How Many Battery Testers Does Your Shop Need

by | Apr 24, 2023 | Battery Tips, Servicing and Repairs | 0 comments

The shop is bustling. The moment you open the doors in the morning, a steady stream of customers flows in, each person looking to get their vehicle fixed or maintained. It’s hectic, but on good days, it moves like a symphony conducted by a world-renowned maestro. On less than stellar days, though, a constant flow of fidgety customers and impatient techs anxiously move around the service advisors’ desks.

This controlled chaos often occurs in the worst bottlenecks: from opening until about 10am, the lunchtime rush, and toward the end of the day. These are the moments that your shop needs to be prepared to handle with the right processes, the right staffing, and the right equipment.

If your plan is to test every vehicle’s battery every time it arrives at the shop – and it should be – then you probably have felt the traffic jam due to a search for battery testers. Whether it’s your advisors, support staff, or technicians who perform the battery test, it’s during these busy times that they seem to be missing in action.

Do you have enough battery testers for your shop? If someone is always complaining that it’s too hard to find a tester, the bottleneck might be because you don’t have the right number for the size of your shop. Here are some best practices for equipping your shop properly.

How Many ‘Basic’ Battery Testers Do You Need?

A basic battery tester uses conductance technology to get a quick picture into a battery’s health. It applies a micro load to the battery for only a few seconds and creates a highly accurate snapshot of the battery’s ability to perform starting events.

These are the types of battery testers that are most common among dealerships and repair shops all over the world. The full test takes about a minute or less to perform, and it identifies problems where the cranking amperage is less than what it should be.

Along with diagnosing bad batteries, these testers are ideal for providing peace of mind to car owners. When they see the results on the tester’s screen or on the printout, they’re more confident not just that their battery is alright, but that the shop is looking after them and their vehicle extremely well.

Naturally, these testers are going to be in the highest supply throughout your shop.

  • For express bays or quick lubes, there should be one ‘basic’ battery tester per lane. These lanes see the most traffic, typically one vehicle every 15 to 20 minutes when it’s busy, and there’s no time to wait for a tester.
  • For the service drive and general technician bays, it’s a good plan to have one basic tester per two bays. Techs generally spend more time with vehicles in these bays, so test frequencies are at a slower rate.
  • For specialized techs, you might be able to spread one tester among four technicians. Since they usually aren’t the only tech working on the vehicle, like a front end or alignment tech, or they spend hours per vehicle like a transmission tech, odds are that the demand for the tester is much lower.

How Many Diagnostic Battery Testers Should You Have?

However, your shop also needs more advanced battery testers on hand in addition to the conductance-only test equipment. Diagnostic battery testers perform more in-depth tests to determine issues related to reserve capacity or charge acceptance. These tests aren’t necessary, in most cases, unless the car owner is experiencing symptoms that center on the starting, charging, or electrical systems. They also need a power source to plug into.

These comprehensive testers are a more costly investment, of course, but they’re necessary. Do you need as many? No. Since only technicians that are performing diag-related tasks will be using them, a small or medium-sized shop – say, up to eight bays – will probably find one is enough. For shops with more than eight bays, add a diagnostic battery tester for every additional eight techs.

What Happens When You Don’t Have Sufficient Test Equipment?

If you’re short of these battery tester benchmarks, it might not seem like an issue. Remember, though, that you’re planning for the busiest times, not just average business days. What happens if there aren’t enough testers on hand during peak times?

First, you’ll notice that test printouts aren’t getting attached to your ROs, and that’s because the tests aren’t getting performed in at service check-in on every vehicle. While you might not be missing many bad batteries during a short busy spell, your customers also aren’t getting the reassurance that they’re battery is good.

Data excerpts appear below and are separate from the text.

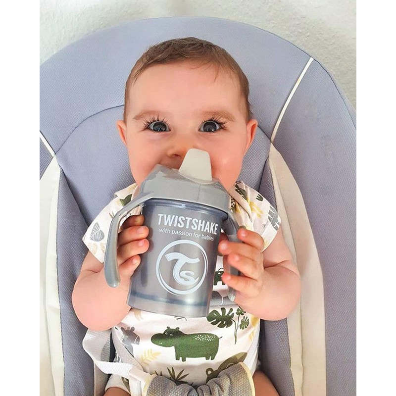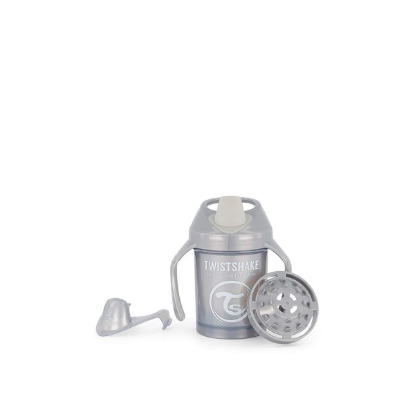 Twistshake Mini Cup 230ml/8oz, Plastic Spill-Proof Cup for 4+m Baby or Kid (Pearl Grey)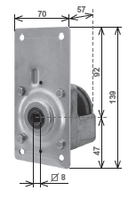 Puleggia rinforzata per argani a fune, rullo ottagonale 70mm.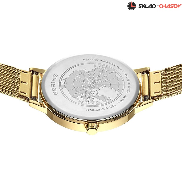 Полированный стальной корпус с золотым IP-покрытием. Диаметр 34мм.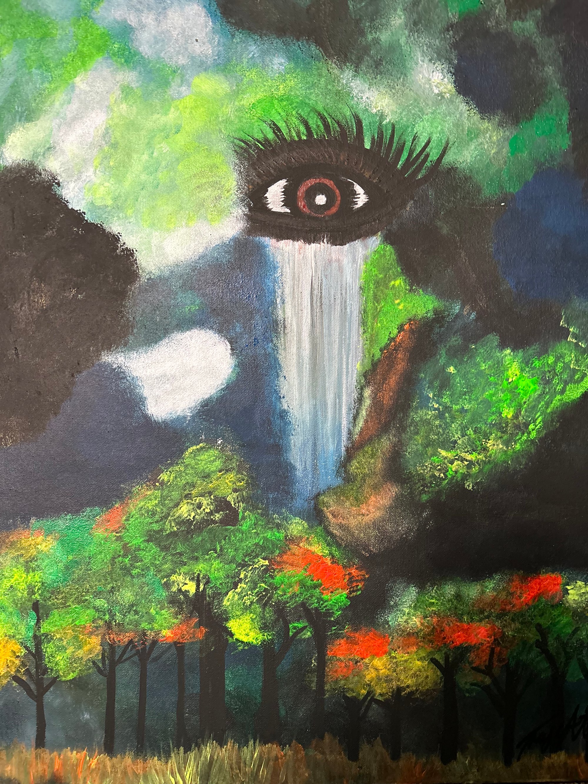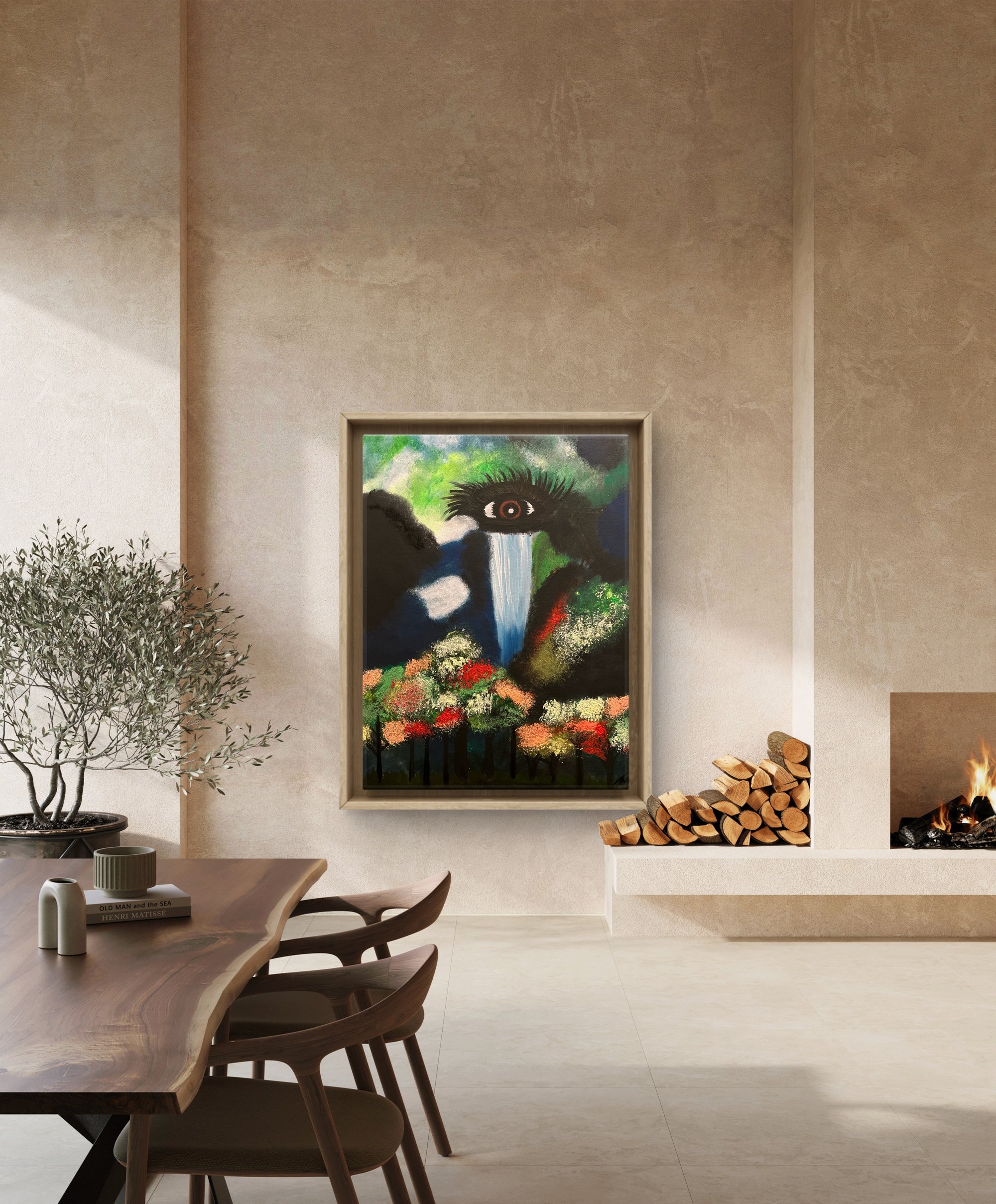 In “God sees All” God’s watchful eye rests above the mountains and flowing rivers, blessing every flower and every part of the land. This piece radiates spiritual protection and the quiet comfort of knowing we are never unseen.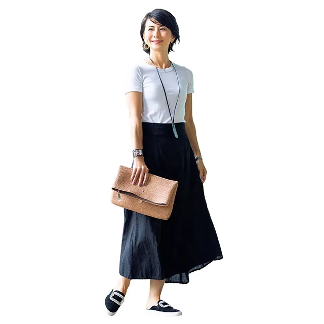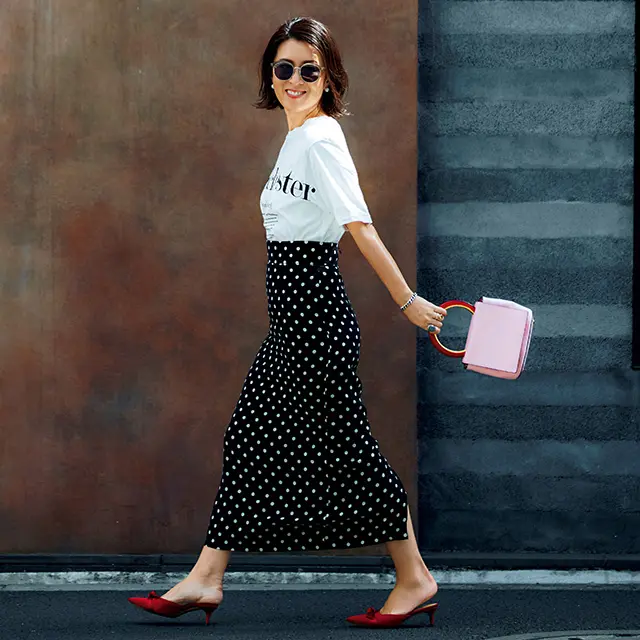 気軽に女性らしさを演出できる「スカート」。Tシャツと組み合わせても、カジュアル過ぎず大人っぽくキュートで上品な印象に仕上がります。夏のコーデに迷ったら「Tシャツ×スカート」に決まり!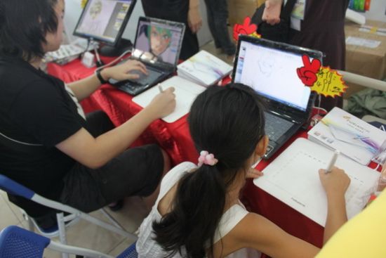 工作人員正在為動(dòng)漫愛好者講解凡拓?cái)?shù)位板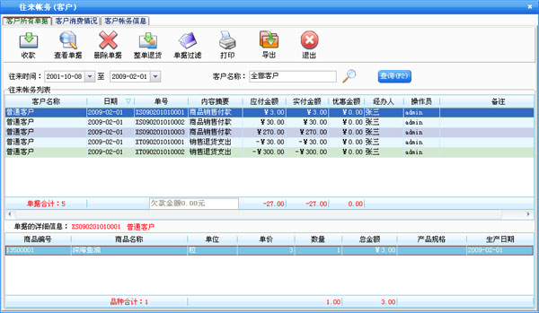 统计报表:完整的统计查询功能,每张单据每次收款付款都可以清楚的反映。

Second, a flat rate technician that’s frustrated they can’t find a battery tester when they need it won’t wait. The vehicle could be put on hold and kicked out the door until later, or the multipoint inspection could be completed with N/A written in the battery condition line. Obviously, that’s not ideal, and it leaves the door open to sending a customer home with a weak or failing battery when it should’ve been caught.

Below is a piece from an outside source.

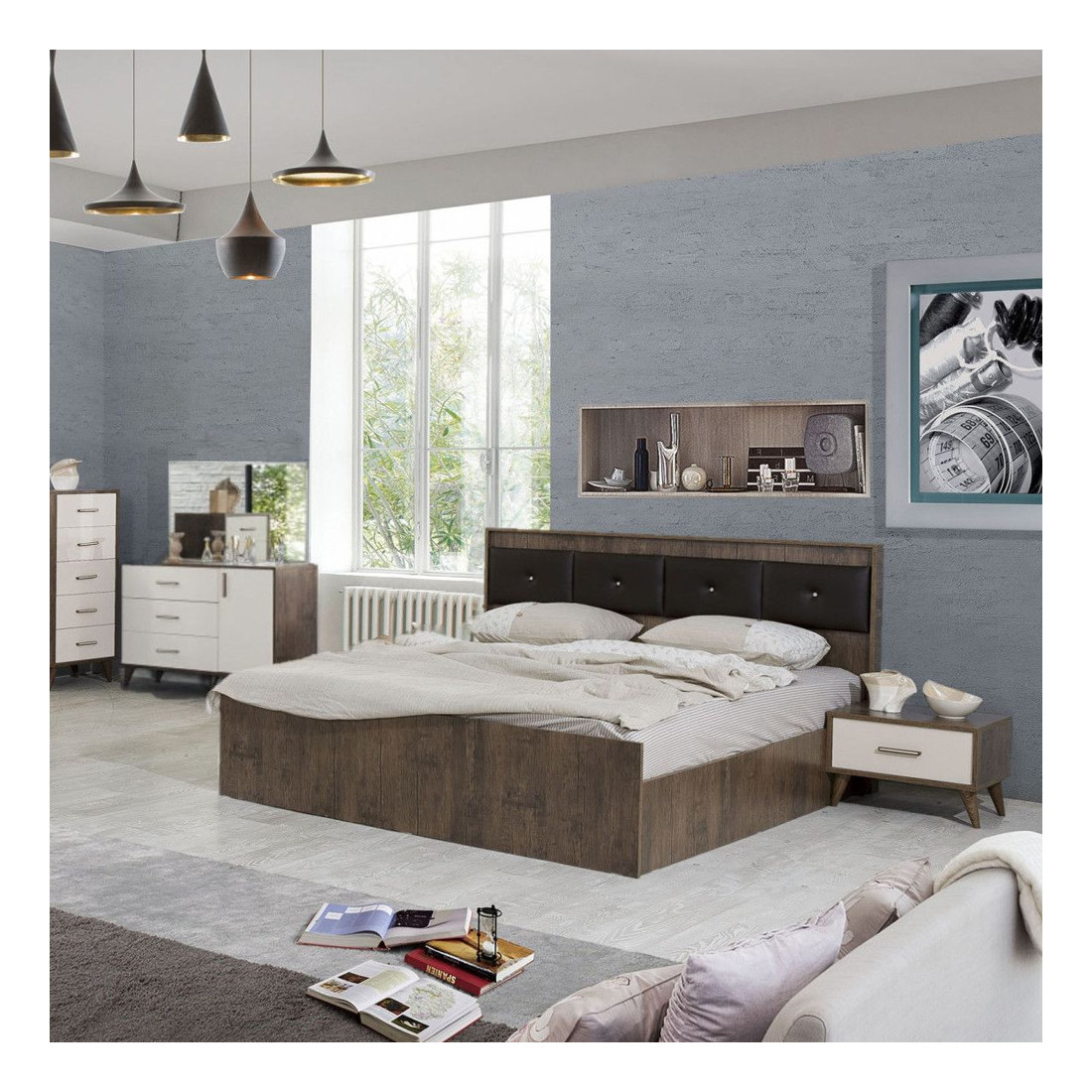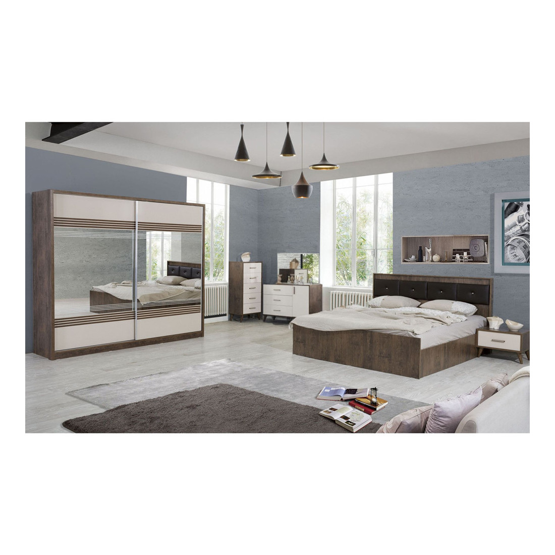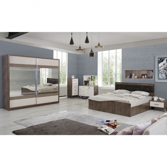Caracteristici speciale: Dormitorul contine: dulap, pat, 2 x noptiere, comoda 3 sertare cu oglinda, comoda 5 sertare, puf.

Third, there’s the situation of human error. Handheld battery testers contain a rechargeable battery, but what happens when a tech or service advisor innocently forgets to put it on the charger overnight? Now you’re trying to make do with one less tester the next morning during the busiest time when you’re already stretched thin on test equipment.

Test Equipment is an Investment

Compared to an individual battery sale and the related installation cost, test equipment is expensive. But bigger picture, it’s not only about identifying and selling batteries – testing each one is also about creating an environment where customers can be confident they’re being taken care of in the best possible way on every single visit.

Over the lifespan of a battery tester, it will pay itself off many times over with the number of battery sales it leads to. But the immeasurable benefit is the customer loyalty it helps to foster.